I found that collie can not initialize DeepSpeed when using models in the transformers library. For example, when replace this line of script with the from_pretrained interface of the transformers library, to which any config of the type CollieConfig can not be passed, even the monitors can not be registered correctly since ds is not initialized (DeepSpeed backend not set, please initialize it using init_process_group()). Is there any workaround of this issue or Collie can only support training the internally reimplemented models?

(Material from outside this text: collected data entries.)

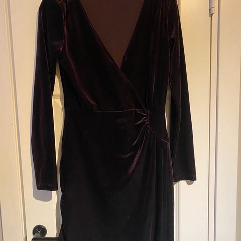 Veldig fin, mørk brun kjole fra Claire. Lappen er dessverre klippet bort, men tror den eri str S, evt en litt liten M. I veldig god stand og behagelig å ha på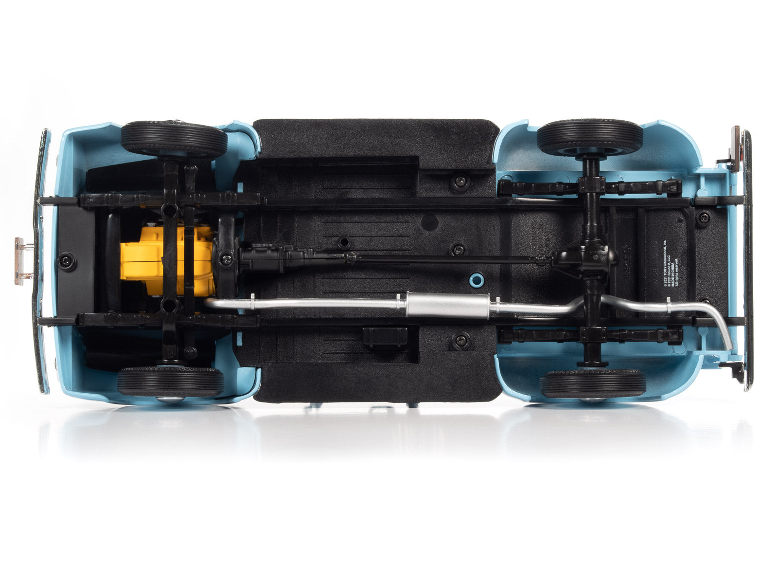 Auto World has perfectly replicated this 1956 Ford F-100 Stepside Pickup in 1:18 scale die-cast metal, painted in factory-matched Diamond Blue and adorned with brightwork including chrome bumpers and chrome hub caps. Under the hood is the highly-detailed Power King V8 engine.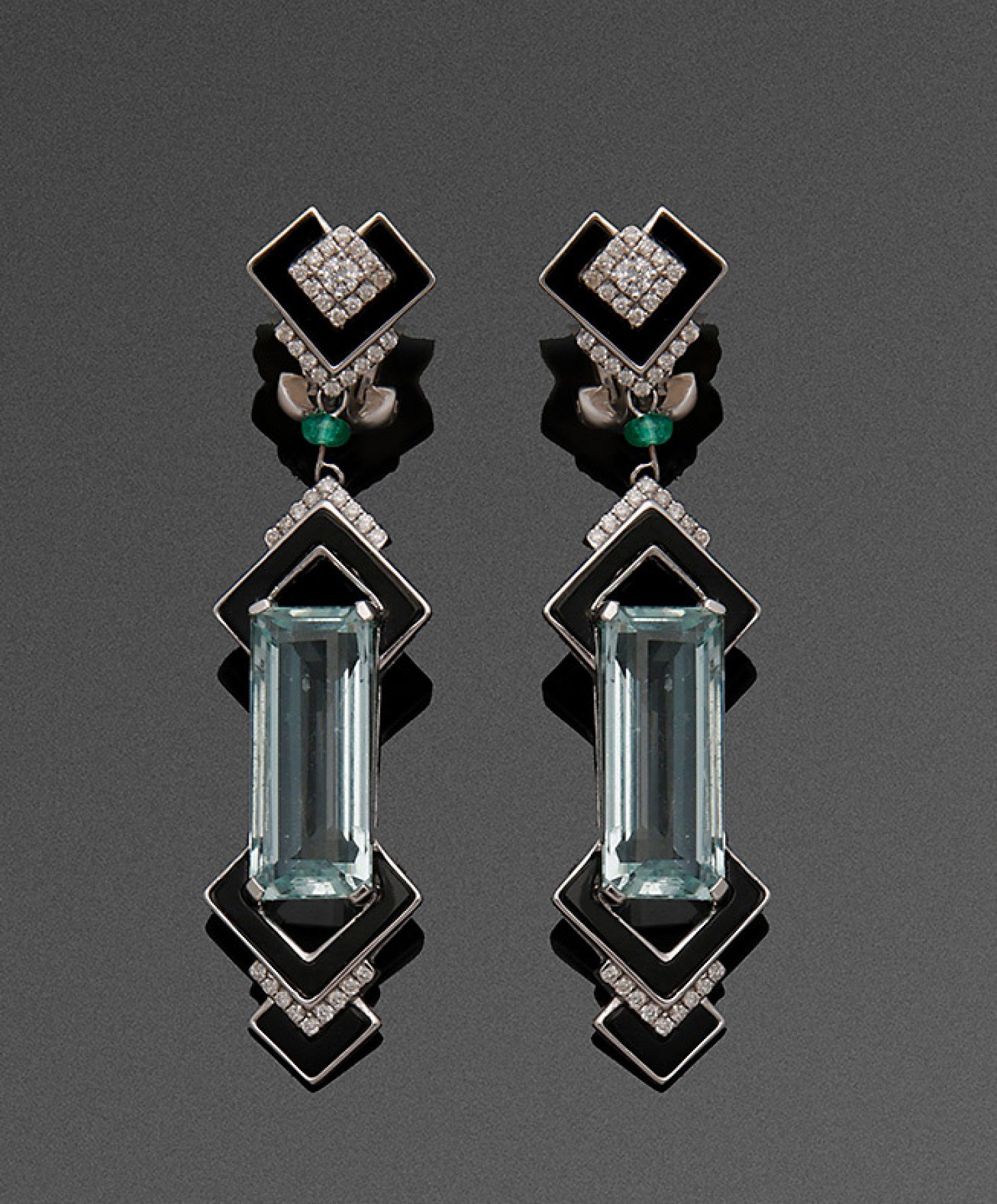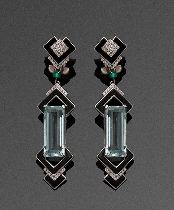 Paar Aquamarin-Ohrgehänge im Art Déco-Stil Weißgold, gest. 750. Teilw. schwarz emailliert. Schauseitig besetzt mit eisblauen Aquamarinen im Tafelschliff von zus. ca. 10,40 ct., akzentuiert durch kleine Brillanten von zus. ca. 0,40 ct. (H/vs). Ges.-Gew. ca. 10,76 g.

Jul 19 '23 00:07 DesperateExplorer

Hi @DesperateExplorer , Collie can use models from transformers, in the case of ZeRO parallelism. But you need to execute setup_distribution manually:

from collie import setup_distribution, CollieConfig
from transformers import AutoModelForCausalLM
model_name = "openlm-research/open_llama_7b_v2"
config = CollieConfig.from_pretrianed(model_name)
setup_distribution(config)
model = AutoModelForCausalLM.from_pretrained(model_name)

Jul 19 '23 01:07 00INDEX

Why is the memory consumption of the LLaMA-7B from transformers much larger than the internal implementation by Collie? Taking LLaMA-7B and AdamW for example, when using the internal implementation, train_micro_batch_size_per_gpu can be 2 and will not cause OOM for V100 on the ShareGPT dataset (max context = 2048), however, when using the transformers implementation, "train_micro_batch_size_per_gpu = 1" will cause OOM. Even switching to Lomo, I can not fit "train_micro_batch_size_per_gpu = 1" sample into the 32GB memory without OOM.

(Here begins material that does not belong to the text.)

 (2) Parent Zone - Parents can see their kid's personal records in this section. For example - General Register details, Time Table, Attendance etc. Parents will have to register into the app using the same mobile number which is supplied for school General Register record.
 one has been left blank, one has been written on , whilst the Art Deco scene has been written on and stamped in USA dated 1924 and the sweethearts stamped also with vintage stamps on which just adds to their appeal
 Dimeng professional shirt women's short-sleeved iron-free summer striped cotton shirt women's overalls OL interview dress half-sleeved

Jul 19 '23 06:07 DesperateExplorer

Collie's LLaMA used flash attetion as MHA, which can reduce memory usage. If your use_flash is True, the memory usage is less than transformers implementation

Jul 20 '23 03:07 x54-729

Collie's LLaMA used flash attetion as MHA, which can reduce memory usage. If your use_flash is True, the memory usage is less than transformers implementation

Actually, not. On V100 (Volta architecture), any kind of flash attention is not supported.

Jul 20 '23 03:07 DesperateExplorer

You can try to set the pretrained_config.gradient_checkpointing to True, just like this:

Jul 24 '23 08:07 Carol-gutianle

You can try to set the pretrained_config.gradient_checkpointing to True, just like this:

config.checkpointing=True also works now.

Jul 25 '23 07:07 x54-729